Preston did something
similar in November ’06 when reviewing The Rivals at the Jungle Theater. It
seemed Claudia Wilkens, who played Mrs. Malaprop, hadn’t memorized her lines in
time for opening night; in fact, she hadn’t yet mastered them when I saw the
show two or three nights later. From an audience perspective, this proved a
problem: How to know where the malapropisms stopped and the fumbled
lines began? But still, I was surprised by the chitchat in the theater
community following Preston’s critique: Had he
hit Wilkens below the belt, people wondered. Is it fair to criticize an actor
for not knowing his or her lines, since a critical review is traditionally more
concerned with the substance of the play?

Methinks it’s fair to criticize actors when their flubbed
lines impede upon the theater-going experience. But then again, I’m an audience-centrist.

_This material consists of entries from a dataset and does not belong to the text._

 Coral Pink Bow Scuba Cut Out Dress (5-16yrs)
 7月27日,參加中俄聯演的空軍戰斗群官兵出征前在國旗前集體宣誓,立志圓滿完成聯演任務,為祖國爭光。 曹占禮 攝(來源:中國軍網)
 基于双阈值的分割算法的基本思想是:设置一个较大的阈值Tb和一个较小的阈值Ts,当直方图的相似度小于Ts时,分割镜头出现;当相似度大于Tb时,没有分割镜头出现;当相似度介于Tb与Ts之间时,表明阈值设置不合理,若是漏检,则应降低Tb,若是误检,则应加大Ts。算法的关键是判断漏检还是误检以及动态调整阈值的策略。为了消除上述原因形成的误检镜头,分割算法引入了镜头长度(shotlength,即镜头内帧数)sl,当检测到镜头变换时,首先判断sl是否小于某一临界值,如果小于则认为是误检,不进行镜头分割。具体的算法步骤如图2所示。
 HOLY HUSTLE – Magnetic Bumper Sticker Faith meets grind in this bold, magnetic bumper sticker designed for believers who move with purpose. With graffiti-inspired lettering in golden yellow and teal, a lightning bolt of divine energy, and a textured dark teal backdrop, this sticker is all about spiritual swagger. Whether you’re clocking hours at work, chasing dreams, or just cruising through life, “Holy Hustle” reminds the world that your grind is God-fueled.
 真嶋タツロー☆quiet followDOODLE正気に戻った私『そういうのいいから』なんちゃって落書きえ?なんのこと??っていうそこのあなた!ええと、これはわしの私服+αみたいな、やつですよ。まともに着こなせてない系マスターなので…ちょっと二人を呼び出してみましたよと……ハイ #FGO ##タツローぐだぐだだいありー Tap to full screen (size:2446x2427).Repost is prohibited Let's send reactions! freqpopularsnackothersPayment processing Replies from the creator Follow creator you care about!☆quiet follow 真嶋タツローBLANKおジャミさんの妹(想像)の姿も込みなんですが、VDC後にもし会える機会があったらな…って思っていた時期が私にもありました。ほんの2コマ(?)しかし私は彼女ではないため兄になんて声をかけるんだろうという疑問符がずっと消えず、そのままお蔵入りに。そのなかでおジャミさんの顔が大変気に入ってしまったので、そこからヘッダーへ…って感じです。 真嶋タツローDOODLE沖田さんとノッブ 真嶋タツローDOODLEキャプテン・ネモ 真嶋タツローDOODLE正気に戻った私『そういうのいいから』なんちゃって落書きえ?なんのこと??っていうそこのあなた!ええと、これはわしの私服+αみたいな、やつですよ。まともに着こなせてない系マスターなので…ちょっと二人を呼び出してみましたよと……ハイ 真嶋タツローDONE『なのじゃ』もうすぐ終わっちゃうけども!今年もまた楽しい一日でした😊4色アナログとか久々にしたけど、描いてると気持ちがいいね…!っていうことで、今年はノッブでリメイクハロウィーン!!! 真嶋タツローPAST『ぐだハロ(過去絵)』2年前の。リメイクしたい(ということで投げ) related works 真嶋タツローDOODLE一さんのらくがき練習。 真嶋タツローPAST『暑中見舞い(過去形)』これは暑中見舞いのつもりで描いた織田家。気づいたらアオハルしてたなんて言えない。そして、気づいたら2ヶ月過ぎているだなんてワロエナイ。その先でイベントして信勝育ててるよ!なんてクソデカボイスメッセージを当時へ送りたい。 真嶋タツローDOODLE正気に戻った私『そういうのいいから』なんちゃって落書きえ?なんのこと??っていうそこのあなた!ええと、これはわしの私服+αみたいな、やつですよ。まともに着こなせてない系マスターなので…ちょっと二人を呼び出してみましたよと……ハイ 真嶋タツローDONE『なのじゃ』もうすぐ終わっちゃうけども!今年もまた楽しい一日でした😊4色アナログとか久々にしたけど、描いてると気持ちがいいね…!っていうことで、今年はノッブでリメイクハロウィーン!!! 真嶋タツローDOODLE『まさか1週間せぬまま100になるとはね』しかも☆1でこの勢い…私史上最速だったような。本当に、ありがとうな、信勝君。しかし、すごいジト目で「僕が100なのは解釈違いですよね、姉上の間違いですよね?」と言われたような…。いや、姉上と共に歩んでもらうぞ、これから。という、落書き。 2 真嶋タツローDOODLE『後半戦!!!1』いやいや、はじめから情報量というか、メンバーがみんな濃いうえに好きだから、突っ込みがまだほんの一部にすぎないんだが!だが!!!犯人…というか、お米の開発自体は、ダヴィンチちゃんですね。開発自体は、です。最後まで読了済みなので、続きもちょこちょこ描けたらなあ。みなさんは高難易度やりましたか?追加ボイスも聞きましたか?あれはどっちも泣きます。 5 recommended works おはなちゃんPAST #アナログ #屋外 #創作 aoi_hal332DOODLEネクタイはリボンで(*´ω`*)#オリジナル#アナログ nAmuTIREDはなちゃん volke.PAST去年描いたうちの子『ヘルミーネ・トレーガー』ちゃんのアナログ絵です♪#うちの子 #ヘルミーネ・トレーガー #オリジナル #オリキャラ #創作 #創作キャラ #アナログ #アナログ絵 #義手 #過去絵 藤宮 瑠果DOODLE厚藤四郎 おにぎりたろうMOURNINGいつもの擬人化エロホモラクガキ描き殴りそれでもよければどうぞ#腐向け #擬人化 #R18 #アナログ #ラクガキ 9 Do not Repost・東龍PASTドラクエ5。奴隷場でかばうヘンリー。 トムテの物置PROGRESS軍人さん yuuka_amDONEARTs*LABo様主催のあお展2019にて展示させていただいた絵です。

I write from an audience perspective; I write to the audience, as if they might
one day care to see the show. And misfired lines do a lot to hurt our
experience. In fact, we feel ripped-off when artists
aren’t ready to present the work we’ve shelled for! At last night’s showing,
Rylance was still flubbing a few of his lines, but it wasn’t enough to interfere
with my experience. As a matter of fact, by then, he had done a fine job
inhabiting the character. He used a mumbled, sort of messy speech pattern that, I felt,
brilliantly captured the inner workings of this troubled, cloudy-thinking youth.